Here are the steps I followed:
- In preparation for the transfer I uploaded all the files we had on ams3 (the 3 classic dir originals, optimized and tombstone) to the new bucket on fra1 using s3cmd.
- I went on the forum settings and set the new endpoint for attachments, cdnl and backup bucket.
- I launched a full post rebake, expecting it to fix all things in one go.
Unfotunately this was not the case. Most of the attachments were “ported” correctly, but a few hundreds were not. It’s not clear to me what happened, but these missing attachments were moved in the tombstone directory.
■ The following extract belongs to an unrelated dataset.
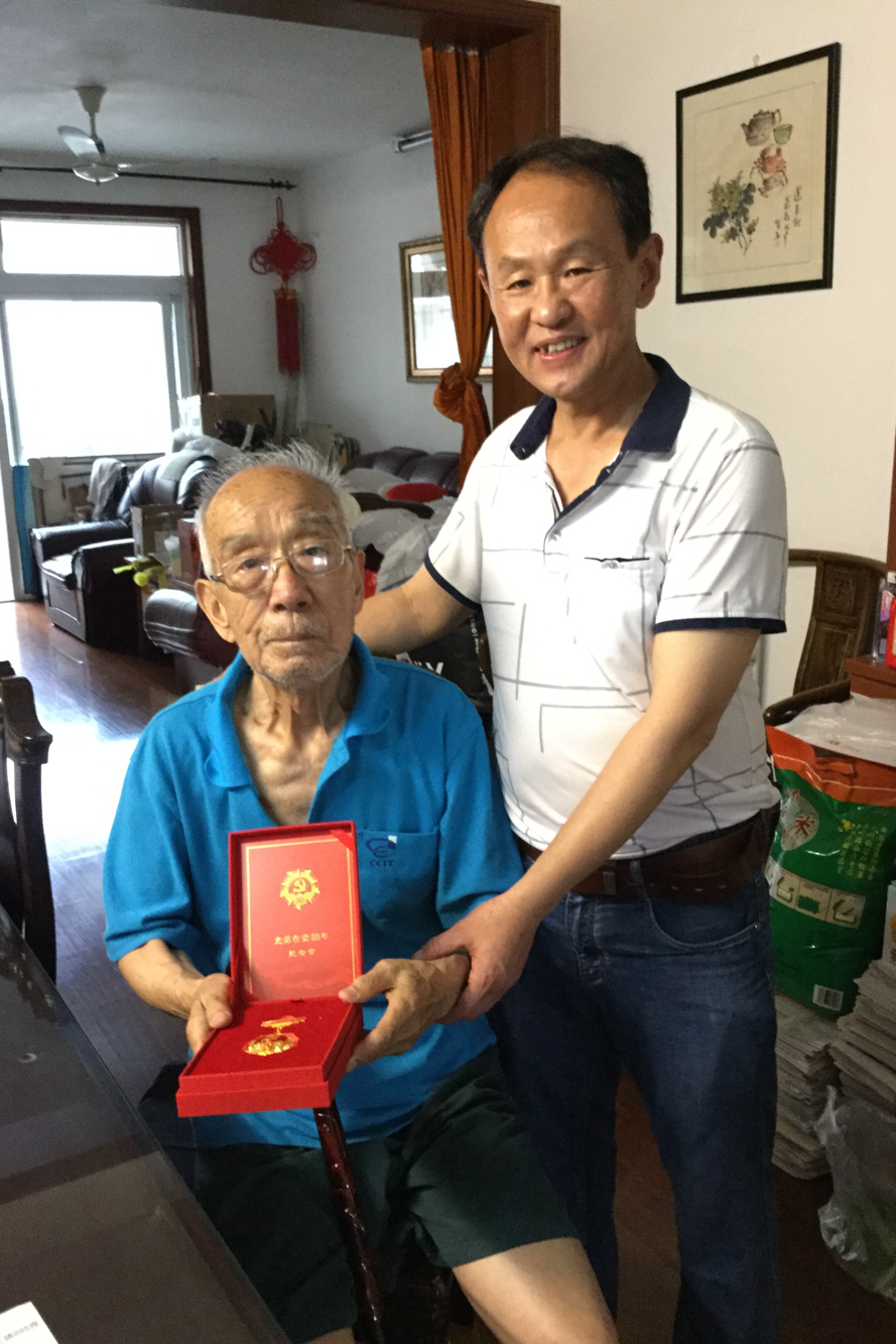 2021年6月,于纪渭从退休教工党支部书记苏尚手中接过光荣在党50年荣誉纪念章

I thought that launching the rake task rake uploads:recover_from_tombstone
would have taken care of that, but nope. The files are seen, but at the end of the task no attachments are recovered, images are still not visible in posts.
I started to dig a bit deeper and I found out that by running UploadRecovery.new(dry_run: true).recover
(found digging in meta) in the rails console was giving me precious information, such as the post URL as well as the short or logn URL of the problematic image.
For the URLs returned in the short form, so I wrote bit of python code to “translate” the short upload filename into the long form, so that I could go and check for the presence of the file in the bucket.
I did, and I can confirm all the missing files are there, in the new bucket as well as in the old. Part of the missing uploads I found sitting in the tombstone
directory, as expected, but some others are oddly still in the original
directory. The files are not corrupted. If I access them from url they open correctly in both datacenters, and if I dump them locally on my linuxbox I can open them with no errors.
Somehow the upload recovery process fails to pick them up and fix whatever is messed up in the DB.
So my questions are:
- is there a way to understand why even if the uploads files are in
tombstone
(or inoriginal
), the rake task is failing to recover them? - what would be the correct set of steps to ensure that in case of bucket change or even transition from DO to another aws compatible environment, all attachments are moved and prepared correctly for the swap? More in general, what should one do, step by step, in such case? Clearly a simpe rebake is not enough.
- what does the task
posts:invalidate_broken_images
do? I mean, what does invalidate mean?
Thanks in advance, I am struggling with this since a week and I really need to put this to rest or I will get crazy
FYI suggestion to re-load all the 800+ attachments by hand is not considered a valid answer. There must be an algorithmic reason…